For a network with 4 hidden units, we have:

\[z^{[1]}_1 = (w^{[1]}_1)^T x + b^{[1]}_1, \quad a^{[1]}_1 = \sigma(z^{[1]}_1)\] \[z^{[1]}_2 = (w^{[1]}_2)^T x + b^{[1]}_2, \quad a^{[1]}_2 = \sigma(z^{[1]}_2)\] \[z^{[1]}_3 = (w^{[1]}_3)^T x + b^{[1]}_3, \quad a^{[1]}_3 = \sigma(z^{[1]}_3)\] \[z^{[1]}_4 = (w^{[1]}_4)^T x + b^{[1]}_4, \quad a^{[1]}_4 = \sigma(z^{[1]}_4)\]

Problem: Computing with a for-loop over each node is inefficient. Let’s vectorize!

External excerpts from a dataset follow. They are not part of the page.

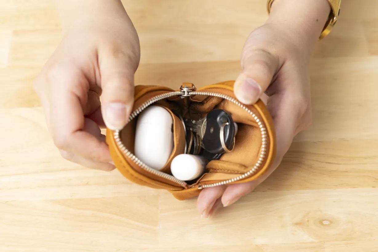 *キー、リップ、小銭、ワイヤレスイヤホンを入れています。
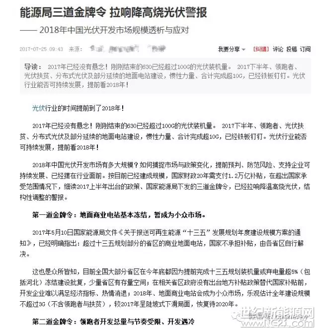以正视听,记者迅速请教了多位行业专家和同行,行业对此文判断基本一致——即这篇冠以“重磅”、“能源局”、“三道金牌令”、“给光伏产业降温”的文章,不仅难掩“标题党”之嫌,且多处出现对当前政策的误读,其论点逻辑混乱、主观臆断,经不住事实推敲。
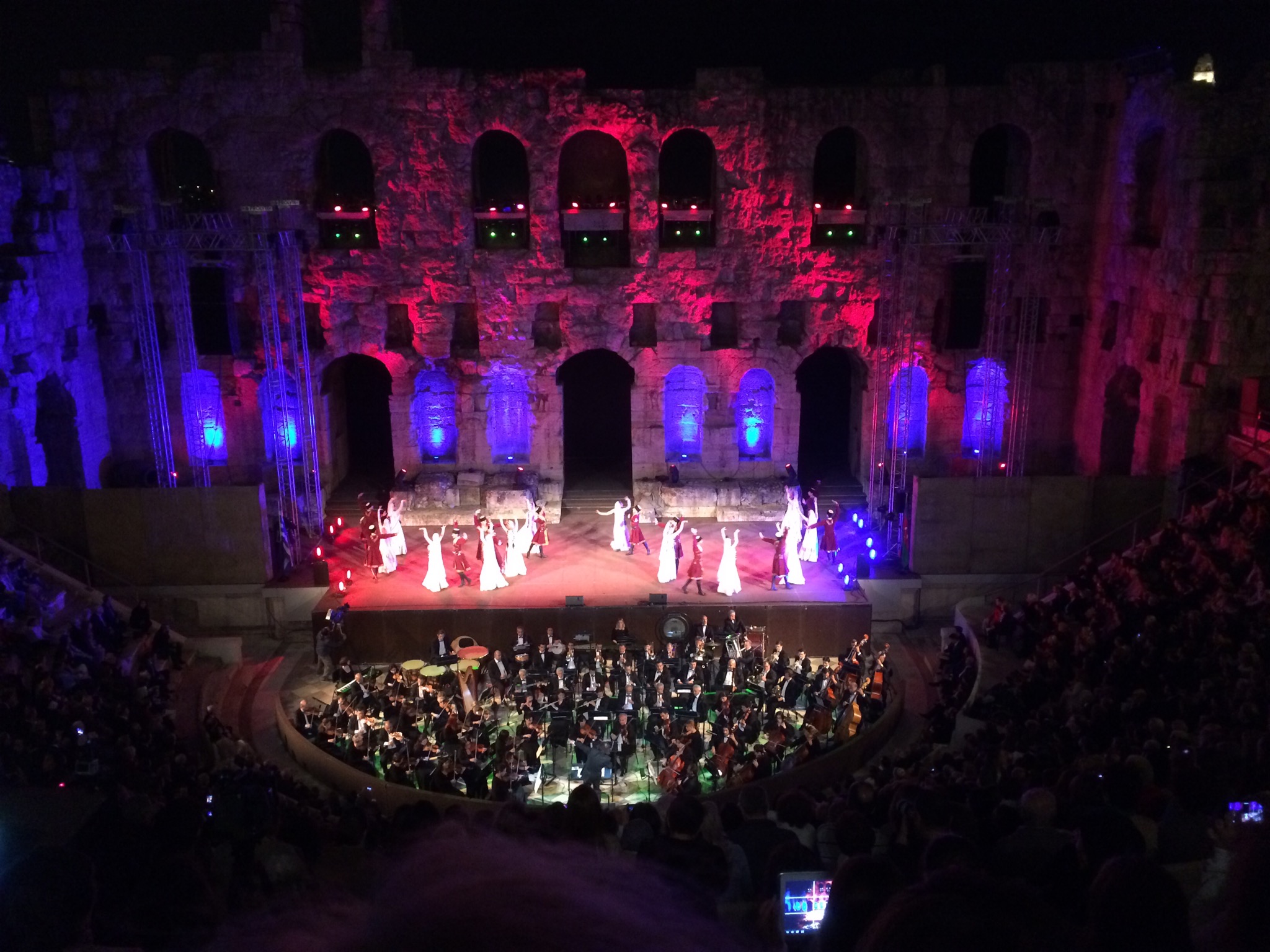 When one is given a chance to attend a full orchestral performance in a theatre some 1,900 years old, one doesn’t turn it down. Thus it was that I found myself buying a €5 ticket to gain access to the Odeon of Herodes Atticus, in the shadow of the Acropolis, there to watch a performance by the Azerbaijan National Orchestra and several other Azerbaijani performers, notable among them a troupe of dancers.

Vectorizing the Hidden Layer

Instead of computing each node separately, we can process all nodes simultaneously using matrix operations.

Creating the Weight Matrix

Stack the weight vectors as rows in a matrix:

\[W^{[1]} = \begin{bmatrix} — (w^{[1]}_1)^T — \\ — (w^{[1]}_2)^T — \\ — (w^{[1]}_3)^T — \\ — (w^{[1]}_4)^T — \end{bmatrix}\]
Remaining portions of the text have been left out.